Puntambekar Shailesh, Parulekar Maitreyee, Venkateswaran Sneha, Naidu Saranya, Patil Madhavi, Manerikar Kshitij, Bharambe Suyog, Chitale Mihir, Panse Mangesh, Sathe Ravindra, Puntambekar Seema
Consultant Oncosurgeon and Director, Galaxy Care Hospital, Pune, Maharashtra, India. (Dr. Puntambekar).
Fellow in Minimally Invasive Gynecologic Surgery, Department of Gynecology, Galaxy Care Hospital, Pune, Maharashtra, India. (Drs. Parulekar, Venkateswaran, Naidu, and Patil).
JSLS. 2025 Apr-Jun;29(2). doi: 10.4293/JSLS.2024.00073. Epub 2025 May 13.

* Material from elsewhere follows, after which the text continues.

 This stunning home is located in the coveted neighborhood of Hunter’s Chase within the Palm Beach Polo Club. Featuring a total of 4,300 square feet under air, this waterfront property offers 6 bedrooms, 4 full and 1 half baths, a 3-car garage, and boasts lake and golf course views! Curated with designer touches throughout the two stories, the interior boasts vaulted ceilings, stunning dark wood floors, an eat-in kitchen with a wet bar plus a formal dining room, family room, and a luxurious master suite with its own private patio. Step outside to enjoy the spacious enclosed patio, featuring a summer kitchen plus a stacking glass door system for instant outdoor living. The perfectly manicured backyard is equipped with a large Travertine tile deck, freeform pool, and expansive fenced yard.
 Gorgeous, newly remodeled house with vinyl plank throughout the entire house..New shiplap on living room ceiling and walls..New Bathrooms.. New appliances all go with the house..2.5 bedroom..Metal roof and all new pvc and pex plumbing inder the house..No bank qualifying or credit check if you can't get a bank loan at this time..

Aim was to analyze and compare the oncological outcomes, genitourinary quality of life (QOL), disease-free survival (DFS), and overall survival (OS) of patients treated by laparoscopic radical hysterectomy (LRH) and laparoscopic nerve-sparing radical hysterectomy (LNSRH) for early cervical cancer.
Retrospective study in patients of carcinoma cervix FIGO (2009) grade 1A to 2A1 from January 1, 2016 until the publication of Laparoscopic Approach to Cervical Cancer (LACC) trial in 2018, after which only 1A and 1B1 were included up to December 31, 2020.

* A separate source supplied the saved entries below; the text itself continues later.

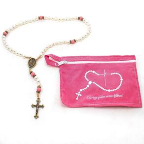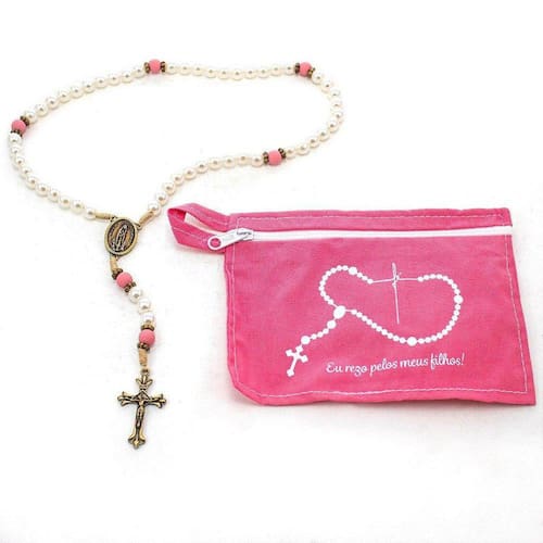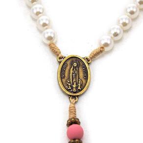Terço Nossa Senhora de Fatima Perolas Plástico 8mm Rosa Nossa Senhora de Fátima, é o um título de Maria Mãe de Jesus, a sua aparição em Fátima Portugal , a três pastorinhos, Lúcia, Francisco e Jacinta. Material: Contas em pérola Plastico 8mm Entremeios em plástico fosco 8mm Metais em ouro velho Cordão Tamanho: 35 cm de comprimento Embalagem: Saquinho de tecido Dimensões aproximadas do produto. Marca: Amém Decoração Religiosa Ean: 7899347276192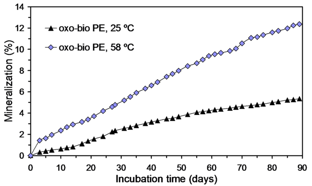 The rates of biodegradation of the residues from oxo-biodegradable materials are usually lower than those of most hydro-biodegradable materials. It generally takes a few years to quantitative biodegradation of the oxo-bio materials, depending on resin type, environmental conditions and formulation of additives used. Figure 1 shows the mineralization curves for an oxo-biodegradable HDPE/LLDPE blend biodegraded in composting conditions at two different temperatures. After a certain level of oxidative degradation, biofilms can be observed on the oxidized polymer residues. These biofilms mainly consist of fungi and bacteria, although archaea, algae and protozoa may also be present. The oxo-bio materials may be recycled with conventional polymer materials, provided that the resins still contain antioxidant additives in concentration sufficient to prevent oxidative degradation during processing and service life. Some people consider that the residues of oxo-biodegradable polymers contain toxic metals, but so far there is no evidence of toxicity of them to plants or animals. Instead, the cations of Fe, Co and Mn are micronutrients, acting as cofactors of enzymes. At very high concentrations, these cations may damage the plants, even because they increase the osmotic pressure of the environment and may dehydrate the root cells.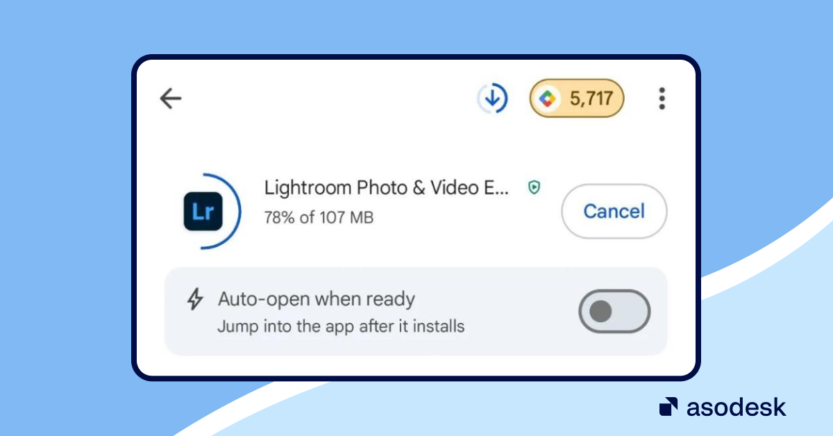 В Google Play тестируют новую функцию – автоматический запуск приложения сразу после его установки. Пользователь может активировать тумблер «auto-open when ready» под индикатором прогресса загрузки.

Total of 285 patients operated over 5 years at the center were placed in 2 groups, LRH and LNSRH, based on surgical approach.
Tumor characteristics, clinical profile, tumor clearance, histopathology, adjuvant treatment, period of follow-up and recurrence were compared. The QOL was analyzed in terms of bladder and sexual function.

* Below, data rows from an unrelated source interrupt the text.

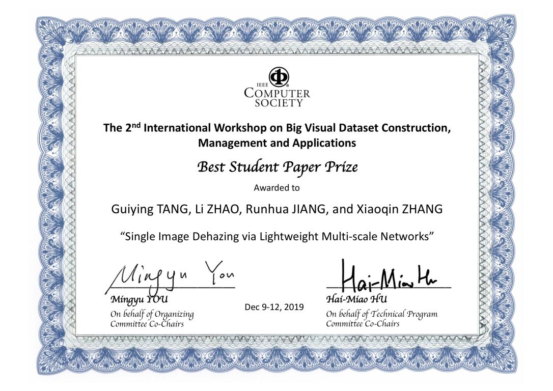 近日,在洛杉矶召开的第二届国际视觉大数据构建、管理与应用会议上,小宝影院 计算机与人工智能学院张笑钦教授指导的研究生唐贵英、蒋润华的论文《Single Image Dehazing via Lightweight Multi-scale Networks》从众多文章中脱颖而出,获得大会颁发的最佳学生论文奖。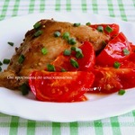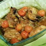 Снимите фольгу и полейте окорочка образовавшимся соком. В промежутки между ними положить помидоры черри. Запеченные помидоры придают окорочкам дополнительную сочность. Снова поставьте в духовку минут на 15, но уже без фольги.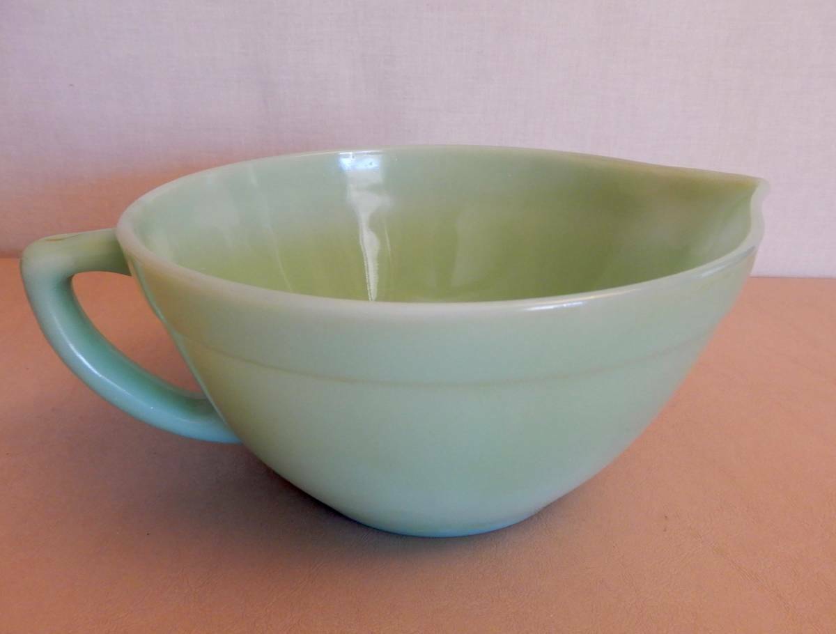 Vintage FIRE KING JADEITE Batter Mixing Bowl Handle Milk Glass Made in USA MCM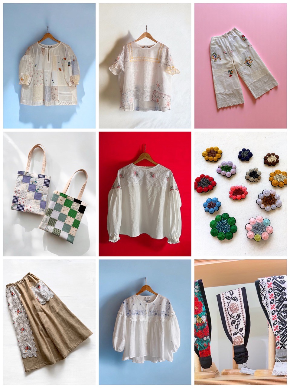 ヴィンテージのハンカチやテーブルクロスをリメイクしたお洋服や、
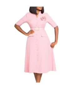 Lapel Button Knit Short Sleeve Plain Bodycon Dress 210601763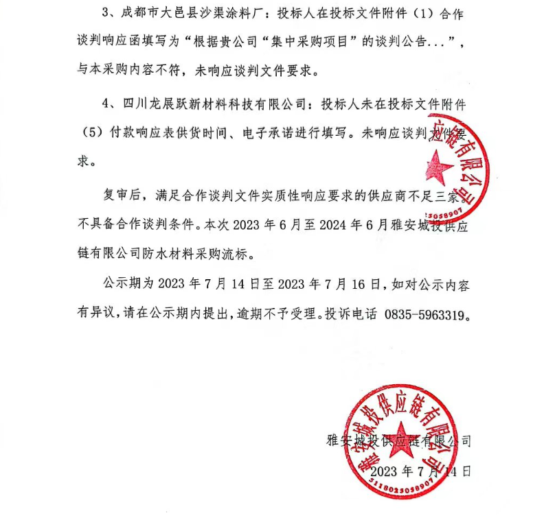 2023年6月至2024年6月雅安城投供應鏈有限公司防水材料合作談判采購結(jié)果公示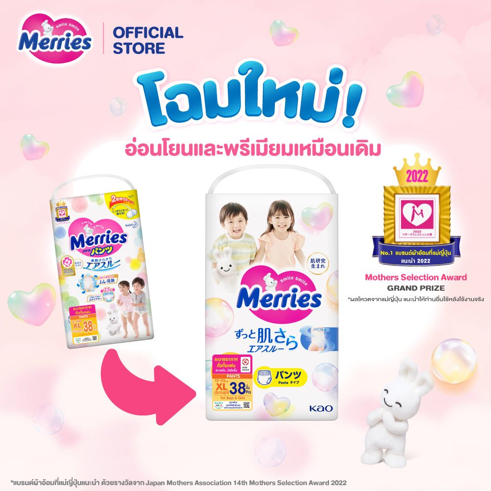 โฉมใหม่!! Merries Japan Pants (ผ้าอ้อมเด็กเมอร์รี่ส์แบบกางเกง) ถูกใจแม่และลูกที่ผิวแพ้ง่าย ผ้าอ้อมที่มาพร้อมรูระบายอากาศมากขึ้น 5,000 ล้านรู*ระบายอากาศ! อ่อนโยน ก้นเจ้าตัวเล็กไม่อับชื้น สวมใส่แบบไหนก็ยืดหยุ่น รองรับทุกการเคลื่อนไหว แม่สบายใจ ลูกยิ้มได้กว่าที่เคย เมอร์รี่ส์ No.1 Brand ที่แม่ญี

LNSRH group had significantly faster recovery of bladder (lesser number of days required for PVR <50 mL, quicker catheter removal time, less requirement of self-catheterization, less incidence of urinary retention and incontinence) and sexual function as compared to LRH group. There was no significant difference in radicality of the procedure. None of them had vault recurrences. DFS at 5 years for LRH and LNSRH was 95.3% and 94.1%, respectively. OS at 2 years for LRH and LNSRH was 95.9% and 96.3%, respectively, whereas the OS at 5 years was 95.3% and 94.1%, respectively.
LNSRH group had significantly better genitourinary QOL as compared to the LRH group without compromising on oncological clearance. The survival is comparable to the results of open surgery in LACC trial.
分析并比较接受腹腔镜根治性子宫切除术(LRH)和腹腔镜保留神经根治性子宫切除术(LNSRH)治疗的早期宫颈癌患者的肿瘤学结局、泌尿生殖系统生活质量(QOL)、无病生存期(DFS)和总生存期(OS)。
对2016年1月1日至2018年《腹腔镜治疗宫颈癌(LACC)试验》发表期间国际妇产科联盟(FIGO,2009年)1A至2A1期宫颈癌患者进行回顾性研究,此后直至2020年12月31日仅纳入1A和1B1期患者。
该中心5年间共285例接受手术的患者根据手术方式分为LRH和LNSRH两组。
比较肿瘤特征、临床资料、肿瘤清除情况、组织病理学、辅助治疗、随访时间和复发情况。从膀胱和性功能方面分析生活质量。
与LRH组相比,LNSRH组膀胱功能恢复明显更快(残余尿量<50 mL所需天数更少、导尿管拔除时间更快、自我导尿需求更少、尿潴留和尿失禁发生率更低),性功能恢复也更快。手术的根治程度无显著差异。两组均无穹窿复发。LRH组和LNSRH组5年DFS分别为95.3%和94.1%。LRH组和LNSRH组2年OS分别为95.9%和96.3%,而5年OS分别为95.3%和94.1%。
与LRH组相比,LNSRH组泌尿生殖系统生活质量明显更好,且不影响肿瘤清除效果。其生存率与LACC试验中开放手术的结果相当。